I'm now sure what the exact wording of your specific question is @LePetitMaman but I'm guessing it's to do with your comment "I'm saying that if you can't prioritise putting food in your mouth over getting multiple beauty treatments, then you need to accept that is the issue. It's not that you have no money. You just want to spend beyond your means on luxury items then pretend you had no agency over that choice, or are entitled/deserve it."
I would (and do) spend money on lashes/brows and prioritise it over healthy food some weeks. I even use my PIP to pay for these. Judge away! I fully accept responsibility for what you are judging me for.
I have alopecia (as part multiple disabilities) and it's fucking shit. It's something that for some reason is the final nail in the coffin for me when I've lost everything else like career, health, life with my DC, mobility, normal lifespan etc. It just depresses the hell out of me and makes me so down on top of everything else. So I pay for specialist lashes and brows and use my PIP and yes, some weeks I'll eat toast/cereal to pay for it. It makes me feel like a million dollars when I have them done, I look forward so much to having them done, and my mental health is just as important as my physical health (and it's something, unlike my physical health I can control). They make me happy. Maybe I'm vain and superficial, I don't know. I just know it's something that makes me happy and I will prioritise it, while I can.
No doubt you'll judge me and say my money would be better spent on therapy as I'm clearly fucked up, but I have a limited time left, I want my DC to remember me looking smiley and enjoy having photos taken with them. I wear nice nighties and I bat my lashes.

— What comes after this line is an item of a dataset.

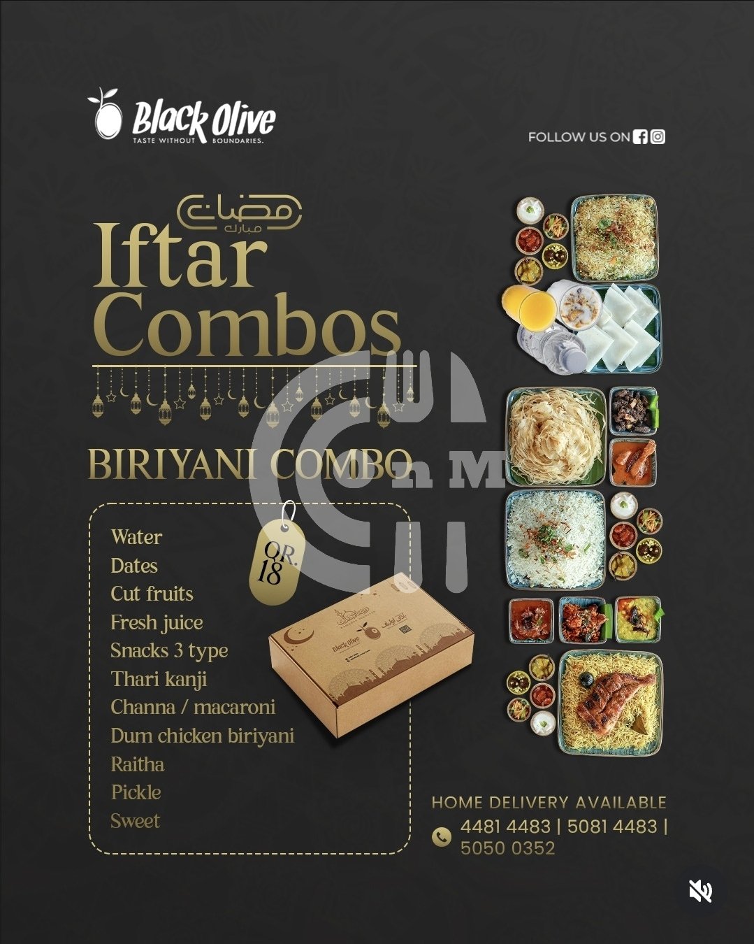 This Ramadan, indulge in our Special Combo Feast featuring: Birivani Combo Ghee Rice Combo Maibooz Combo Pathiri Combo

I want to think I look slightly glamorous and pretty, I know in reality I'm more like a half dead half bald vampire crossed with Barbara Cartland, but fuck it. I feel pretty and it makes me feel happy.
I believe I'm entitled to make this choice and you believe you're entitled to judge me for it <shrug> I know who I'd rather be out of the two of us. I know which kind of person I'd rather be. I sure don't go around judging people "the minute they open their mouth". If I was, I think I'd feel a bit ashamed of myself and wouldn't admit it, let alone be proud of it.